Well, that is not the end of it, for Heap also shared the teaching at a Sunday school in Summerside, which was about the same distance from his home in Healey as the school in Colsterdale. Apparently he made this journey—again, a round trip of eight miles over desolate terrain—on seventeen Sundays a year for forty-two of the forty-four years of his working life. As any child taught by him would have been able to tell you, this added five thousand seven hundred and twelve miles to the principal sum. “He would,” declared the Globe, “if he had continued his work for rather more than a year, have covered a distance equal to half the space between the earth and the moon.”

A village schoolmaster. Oil painting by Charles West Cope dated 1842.
BY A COUNTRY MILE
When Heap died in 1876, his long years of physical activity had stood him in good stead, for he was in fine fettle almost to the end. Since his retirement in 1867 he had been in receipt of an annuity from the Schoolmasters’ Association, and not long before his death he was notified of a proposed increase in its value. Sadly, this would only have come into effect on the 1st of November, by which time he had given up the ghost, and slipped away.
One of the newspapers that told Heap’s story, the Paisley Herald and Renfrewshire Advertiser, approved of the example he had set, for
any invigorating pursuit that takes our young men from the influences of the billiard room and the music-hall is worthy of encouragement.

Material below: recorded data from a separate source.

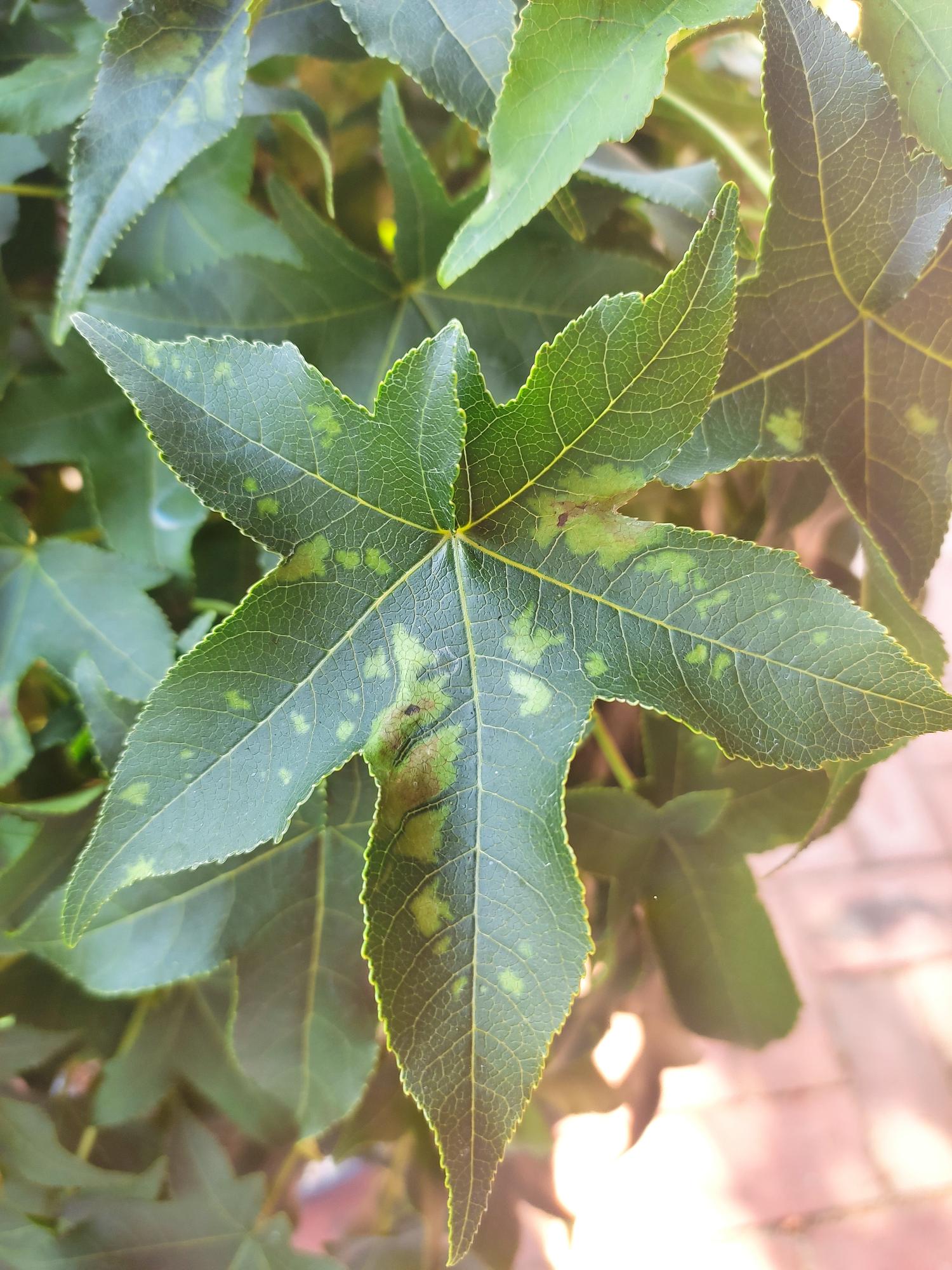 Az ámbrafa leveleinek foltosodásának több oka is lehet. Most leginkább a légszárazságra vagy napégésre lehet gyanakodni. Erről ír ez a cikkünk: https://www.gazdabolt.hu/cikkek-hirek/cikk/2025.-evi-16.-novenyvedelmi-felhivas
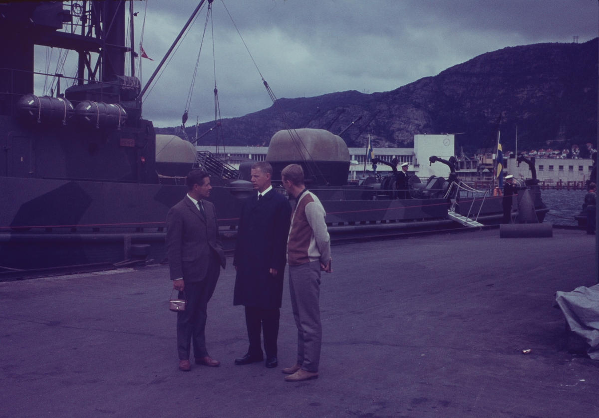 Bilden visar tre män i civila kläder i ett samtal. De står på en kaj med minsveparen Tärnö i bakgrunden.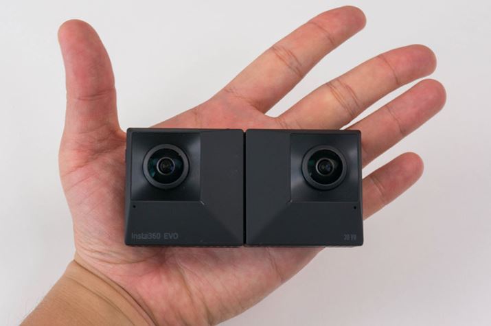 カメラを開くと180°の3Dカメラ、閉じると360°カメラになるという「Insta360 EVO」。その変幻自在の姿をまずは写真でチェック!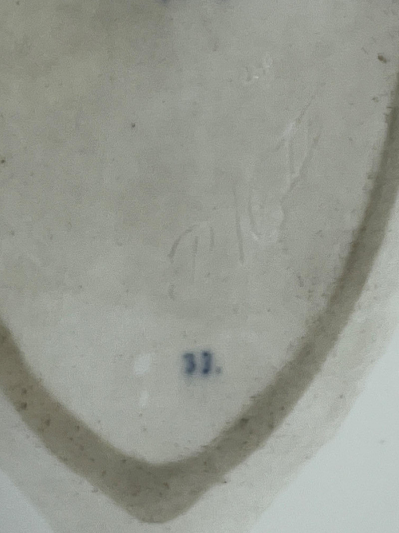 Summary: 90's A refined Meissen porcelain leaf dish featuring the iconic “Blue Onion” pattern, hand-painted in cobalt blue on a crisp white ground. The elongated, tapering form with raised edges and central floral motif reflects Meissen’s 18th-century design legacy. Measuring approximately 8" long, this dish is ideal for serving or display and bears the hallmarks of German craftsmanship. A timeless piece for collectors of European porcelain or lovers of botanical elegance. Maker: Meissen (Germany) Pattern: Blue Onion (Zwiebelmuster) Material: Hard-paste porcelain Color Scheme: White with cobalt blue floral decoration Dimensions: Approx. 8" L × 4" W × 1.5" H Design Features: Leaf-shaped form with raised edges Central stylized floral motif Symmetrical vine and blossom pattern Era: Swords in the pattern indicate 1900-1934 Condition: ExcellentItem Details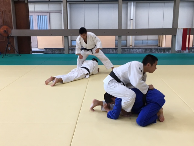 9月15日(日)の稽古の1コマです。三角締めからの押さえ込みを、3つのパターンから反復練習しています。
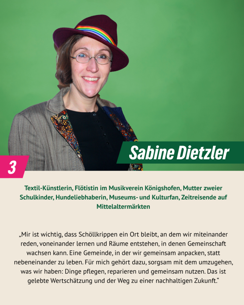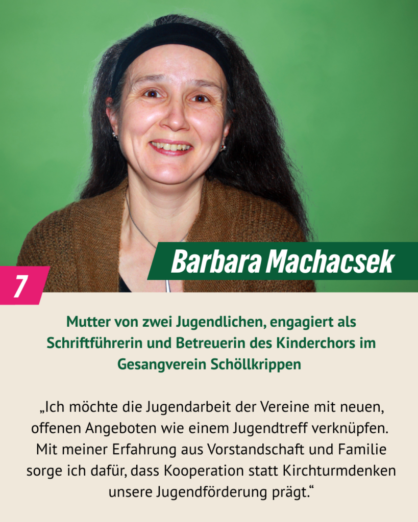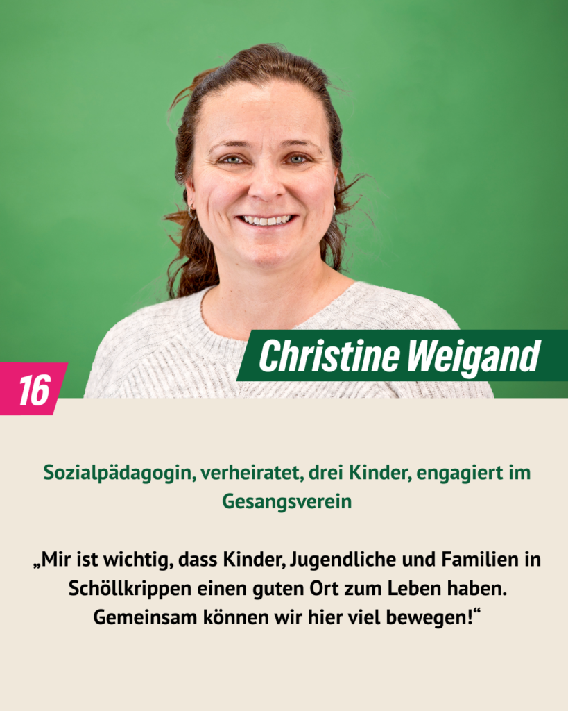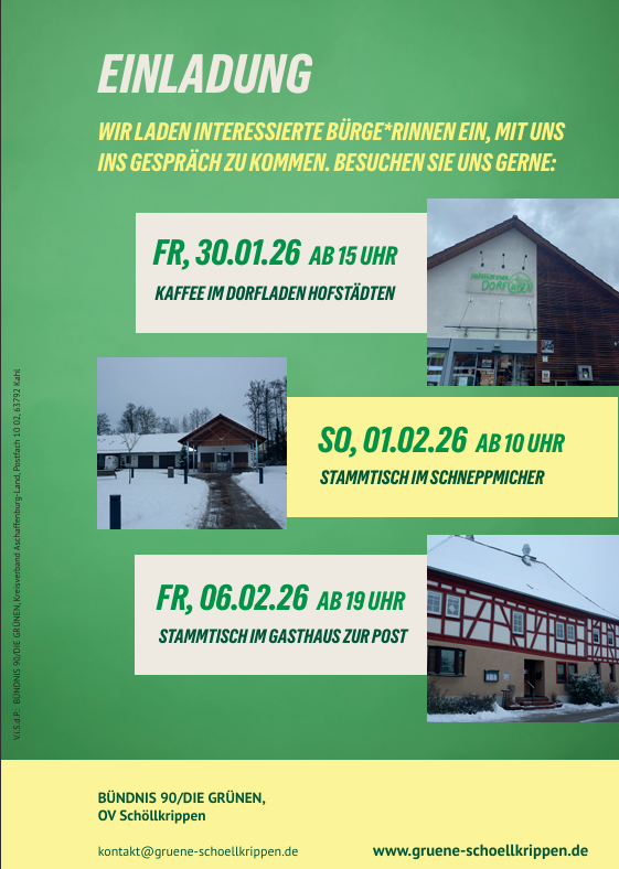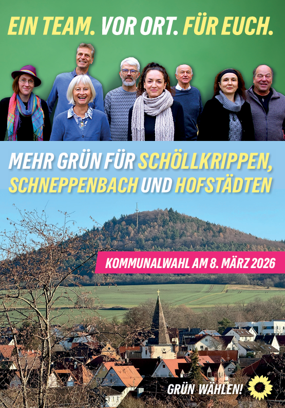 bei der Kommunalwahl 2020 haben wir drei Mandate errungen und sind mit Engagement und Pragmatismus im Gemeinderat gestartet. Wir sind überzeugt: Kommunalpolitik lebt von Beteiligung, Vielfalt und gegenseitigem Respekt. In diesem Sinn wollen wir weitermachen. Dafür stehen auch unsere 16 Kandidat*innen, die am 8. März 2026 zur Kommunalwahl antreten. Wir Grünen wollen Schöllkrippen – unser Zuhause – ökologisch, sozial gerecht und lebenswert weiterentwickeln, für alle Generationen. Wir möchten zuhören, ansprechbar sein und gemeinsam mit den Menschen vor Ort Lösungen finden. Denn lebendige Kommunalpolitik entsteht dort, wo Ideen auf Verantwortung und Mut treffen – mitten in unserer Marktgemeinde.

One imagines that the Herald’s concern with the moral well-being of the young would have struck a chord with the hardy Yorkshire schoolmaster. And he might have been flattered, too, to be mentioned in the same sentence as Edward Payson Weston, the renowned American athlete. Weston had come to England earlier in the year, and he had caused quite a stir by walking for a full twenty-four hours without a break, covering a distance of over a hundred miles. Brilliant! But the humble James Heap is still the winner in my book, for Weston, by his own admission, only managed this feat by chewing on coca leaf as he stomped along. Which just goes to show that, even when it comes to the shadier practices of professional athletes, there truly is nothing new under the sun.